#### Your objective
Exact copy, no pictures: return only the lines below from the line with "The integrated handles" up to and including the line with "Ravak Chrome CSKK4-90".
*** Opening of Raw data ***
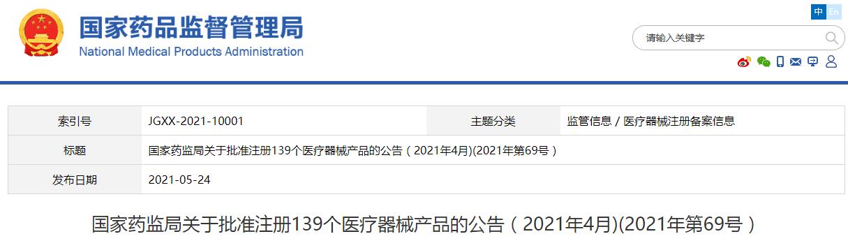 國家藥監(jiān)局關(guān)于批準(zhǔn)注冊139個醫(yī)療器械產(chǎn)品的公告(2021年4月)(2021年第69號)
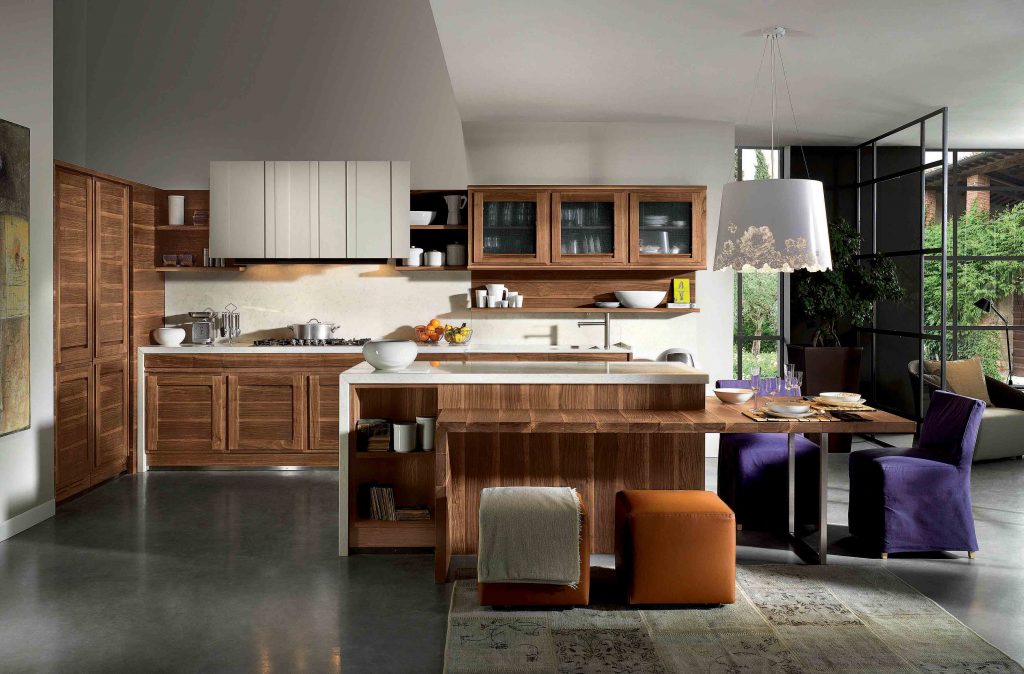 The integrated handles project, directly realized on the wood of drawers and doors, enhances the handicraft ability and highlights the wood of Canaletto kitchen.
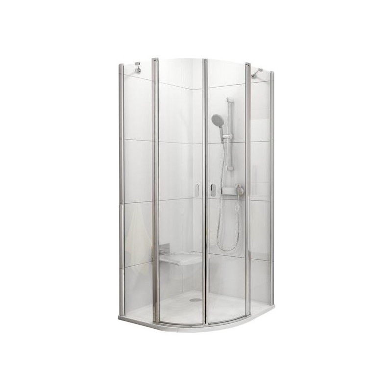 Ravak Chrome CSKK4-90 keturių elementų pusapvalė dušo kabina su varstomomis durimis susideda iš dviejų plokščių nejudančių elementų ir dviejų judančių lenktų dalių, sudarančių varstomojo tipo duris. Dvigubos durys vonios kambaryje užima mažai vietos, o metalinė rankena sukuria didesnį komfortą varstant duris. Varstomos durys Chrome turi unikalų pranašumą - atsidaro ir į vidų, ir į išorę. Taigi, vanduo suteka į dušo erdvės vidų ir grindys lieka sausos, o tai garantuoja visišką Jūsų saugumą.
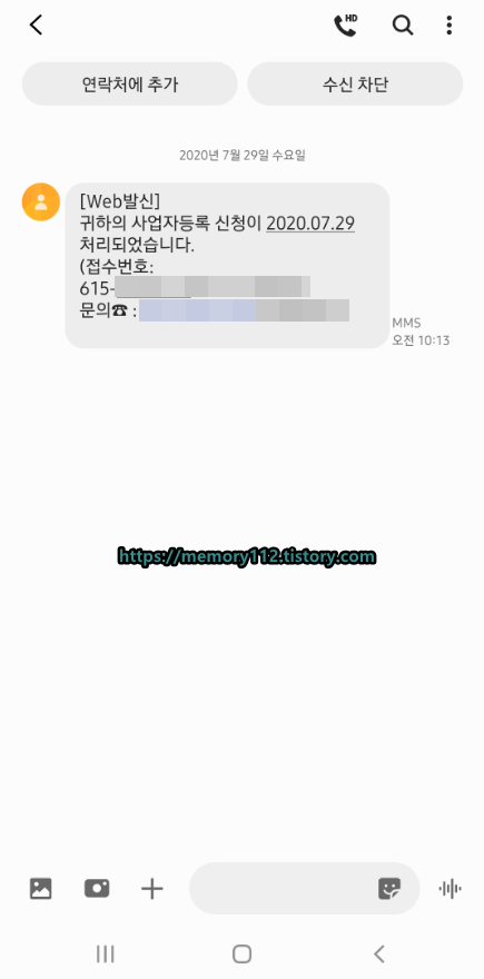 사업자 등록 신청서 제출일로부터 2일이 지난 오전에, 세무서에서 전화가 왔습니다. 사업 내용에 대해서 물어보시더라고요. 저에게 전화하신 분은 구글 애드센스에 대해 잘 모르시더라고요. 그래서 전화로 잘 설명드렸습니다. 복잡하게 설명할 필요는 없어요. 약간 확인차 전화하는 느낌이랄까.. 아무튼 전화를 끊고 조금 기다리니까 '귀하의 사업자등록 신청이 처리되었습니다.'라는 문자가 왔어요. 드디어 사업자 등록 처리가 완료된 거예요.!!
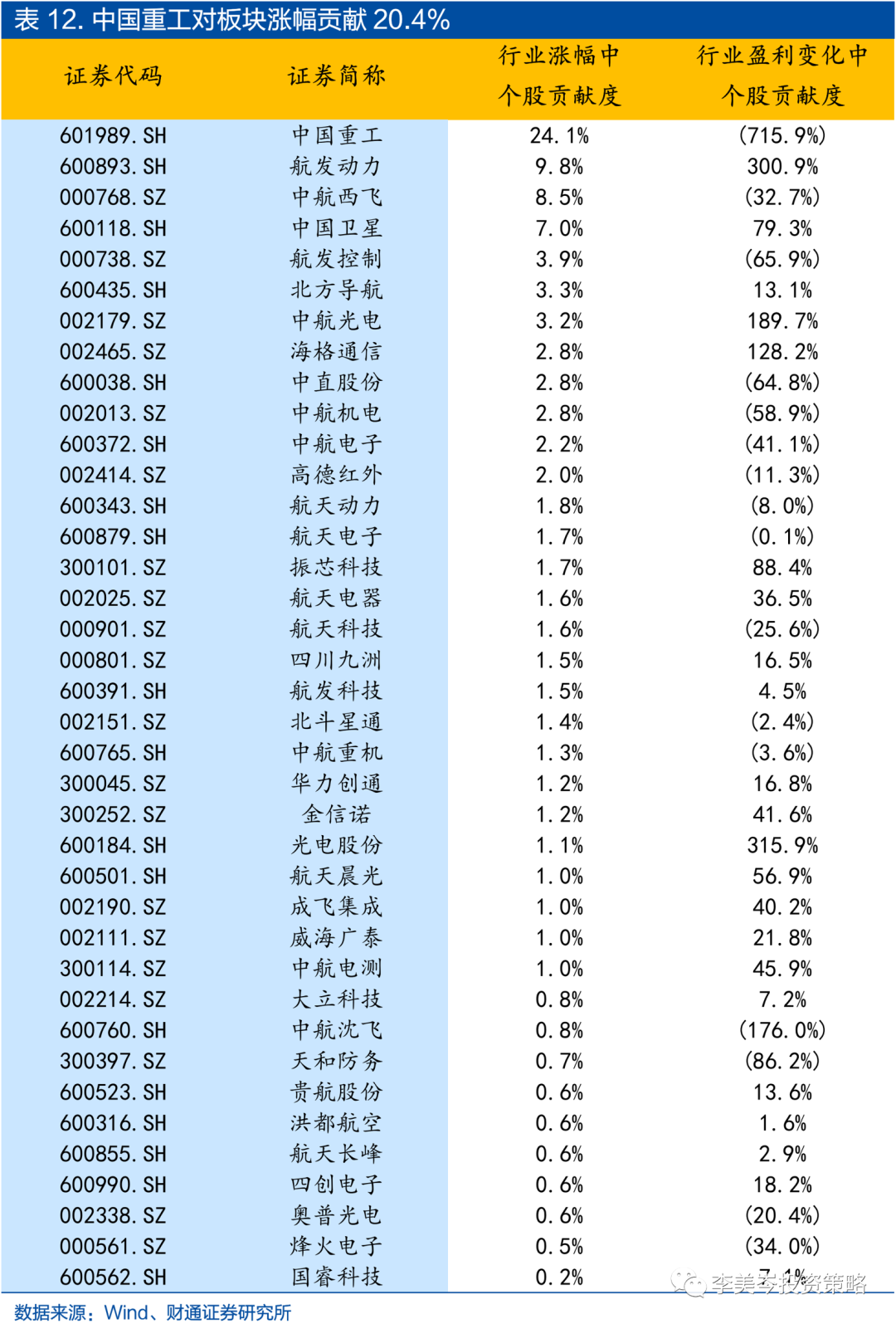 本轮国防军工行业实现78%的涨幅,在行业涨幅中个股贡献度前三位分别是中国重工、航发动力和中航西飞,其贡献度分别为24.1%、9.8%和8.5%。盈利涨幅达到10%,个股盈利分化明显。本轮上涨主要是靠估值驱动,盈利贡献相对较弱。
*** Close of Raw data ***
*** Opening of Raw data ***
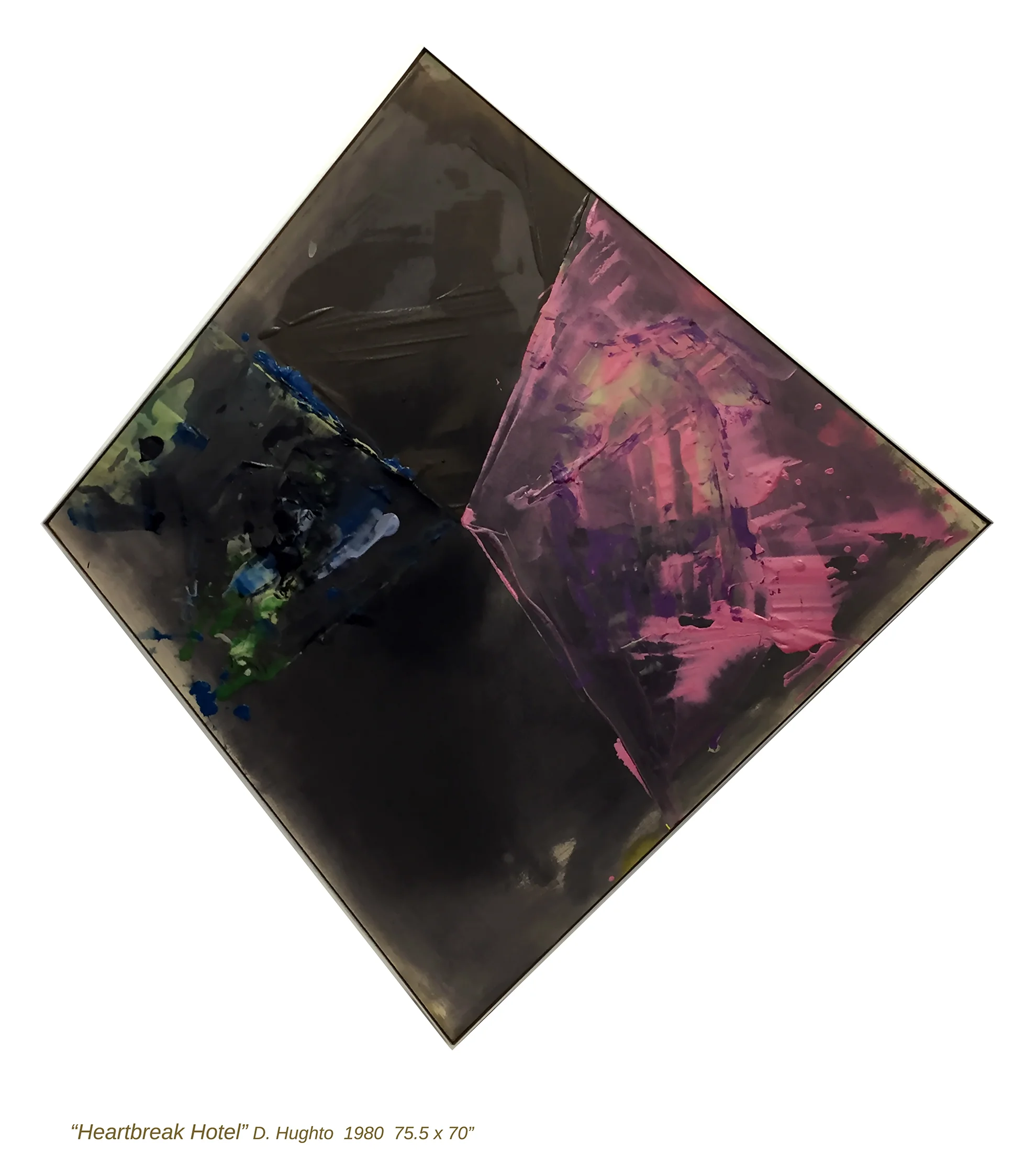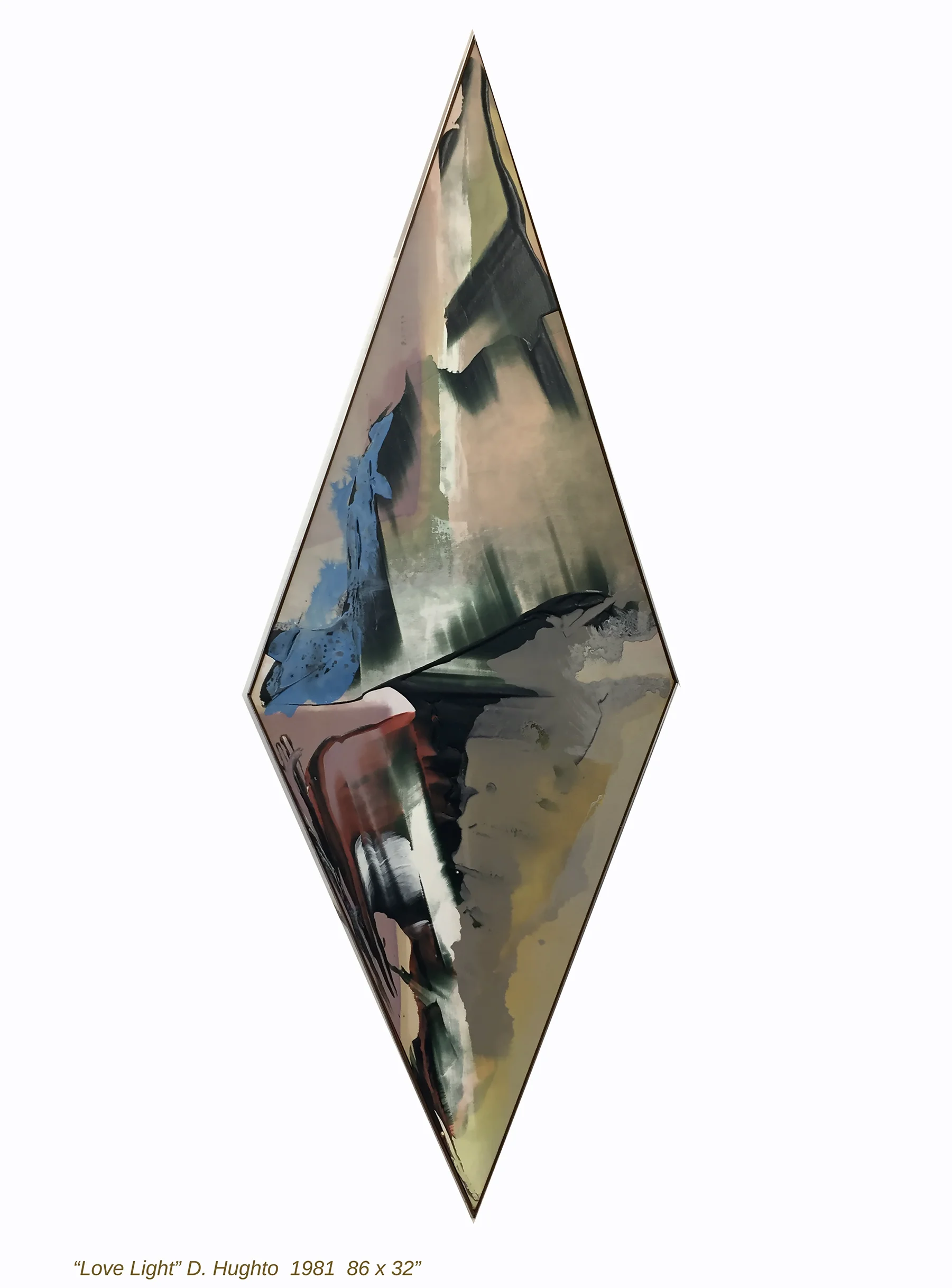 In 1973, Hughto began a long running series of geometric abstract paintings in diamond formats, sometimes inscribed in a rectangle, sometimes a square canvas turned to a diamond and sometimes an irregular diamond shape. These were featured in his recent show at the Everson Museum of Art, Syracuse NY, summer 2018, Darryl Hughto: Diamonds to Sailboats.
*** Close of Raw data ***
#### Written response
 The integrated handles project, directly realized on the wood of drawers and doors, enhances the handicraft ability and highlights the wood of Canaletto kitchen.
 Ravak Chrome CSKK4-90 keturių elementų pusapvalė dušo kabina su varstomomis durimis susideda iš dviejų plokščių nejudančių elementų ir dviejų judančių lenktų dalių, sudarančių varstomojo tipo duris. Dvigubos durys vonios kambaryje užima mažai vietos, o metalinė rankena sukuria didesnį komfortą varstant duris. Varstomos durys Chrome turi unikalų pranašumą - atsidaro ir į vidų, ir į išorę. Taigi, vanduo suteka į dušo erdvės vidų ir grindys lieka sausos, o tai garantuoja visišką Jūsų saugumą.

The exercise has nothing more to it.